Use the “68-95-99.7% Rule” to answer the following questions: • What percent of men are taller than 74 inches? • Between what heights do the middle 95% of men fall? • What percent of men are shorter than 66.5 inches? • A height of 71.5 inches corresponds to what percentile of adult male American heights?
1. Items produced by a manufacturing process are supposed to weight 90 grams. The manufacturing process is such, however, that there is variability in the items produced and they do not all weigh exactly 90 grams. The distribution of weights can be approximated by a normal distribution with mean 90 grams and a standard deviation of 1 gram. Using the 68-95-99.7 rule, what percentage of the will either weigh less than 87 grams or more than 93 grams?
2. The time to complete a standardized exam is approximately normal with a mean of 70 minutes and a standard deviation of 10 minutes. Using the 68-95-99.7 rule, what percentage of students will complete the exam in under an hour?

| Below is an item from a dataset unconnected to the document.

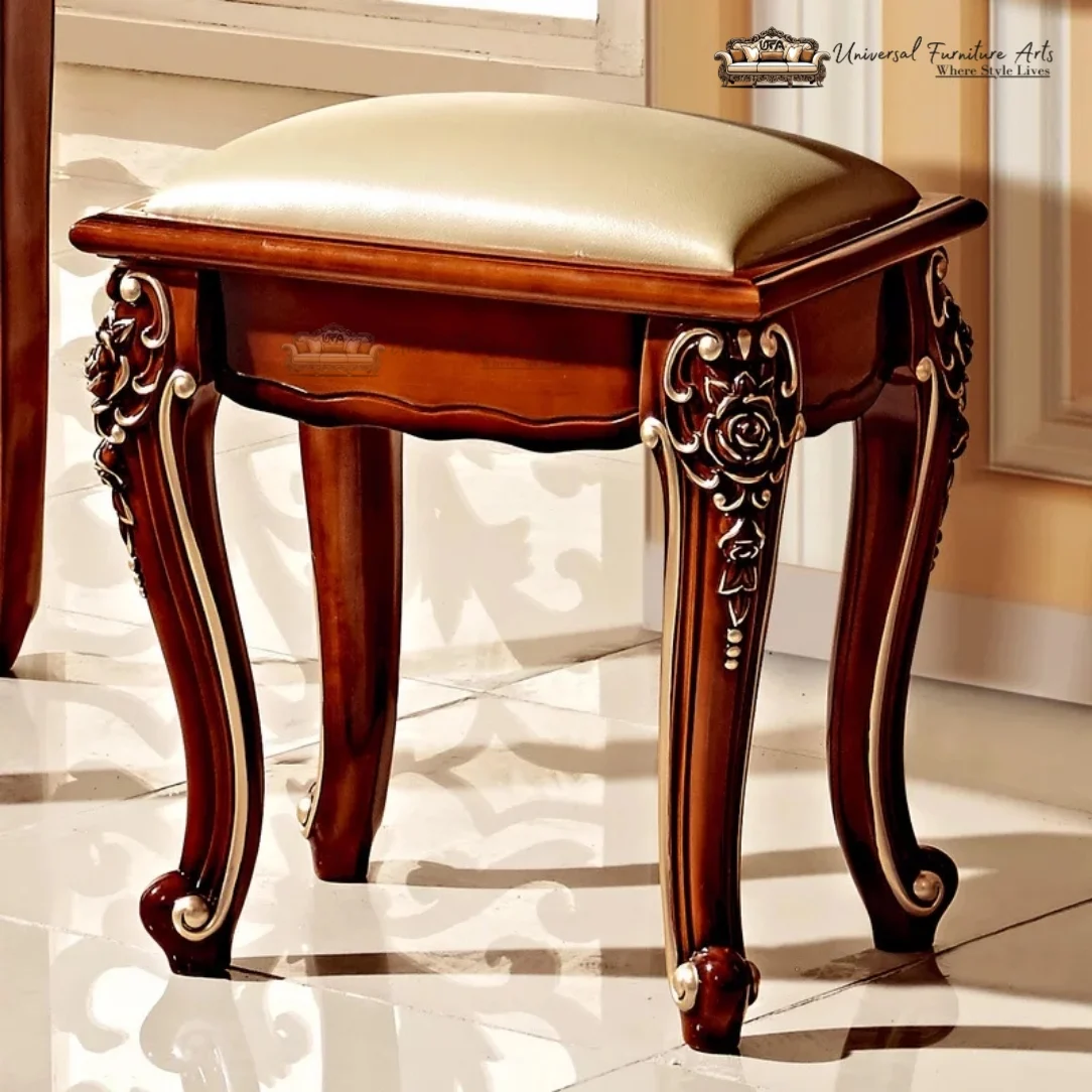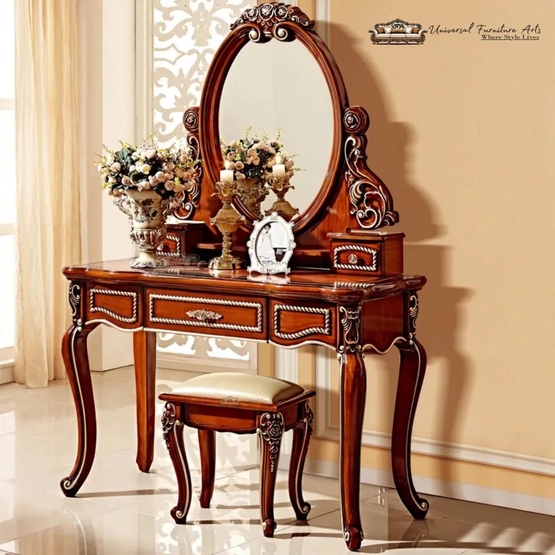 Transform your bedroom or dressing area into a luxurious sanctuary with this elegant vintage wooden vanity set. Featuring an exquisite oval mirror and intricately designed carvings, this piece effortlessly blends timeless style with modern function. The rich wood finish and delicate detailing make it the perfect focal point for any room. Includes a matching stool for added comfort, with additional space for storage in the drawers.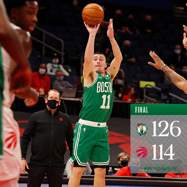 末节,威廉姆斯内外开花,帮助凯尔特人继续扩大领先优势。之后,虽然西亚卡姆与阿奴诺比接连砍分,帮助猛龙队止血。但是威廉姆斯也连续回应,两队分差一直保持在20分以上。到了本节中段,洛瑞打成2+1,随后绿军出现失误,西亚卡姆再得手,帮助猛龙将分差缩小至19分,凯尔特人随后直接叫了一次暂停。暂停回来后,奥杰莱彪中三分,帮助凯尔特人队稳住局势。而后,两队重回拉锯战,分差一直保持在20分左右。到了本节后半段,渡边雄太与戴维斯连砍9分,将分差直接缩近至10分。随后,凯尔特人换回首发阵容。之后,普里查德在外线造成猛龙队犯规,通过罚球帮助绿军稳住局势。最终,凯尔特人队以126-114战胜猛龙队。

3. Guzzlers? Environmental Protection agency (EPA) fuel economy estimates for automobile models tested recently predicted a mean of 24.8 mpg and a standard deviation of 6.2 mpg for highway driving. Assume the Normal model can be applied. a) Draw the model for auto fuel economy. Clearly label it showing what the Empirical Rule predicts about mpg. b) In what interval would you expect the central 68% of all autos to be found? c) About what percent of autos should get more than 31 mpg? d) About what percent of cars should get between 31 and 37 mpg? e) Describe the gas mileage of the worst 2.5% of all cars.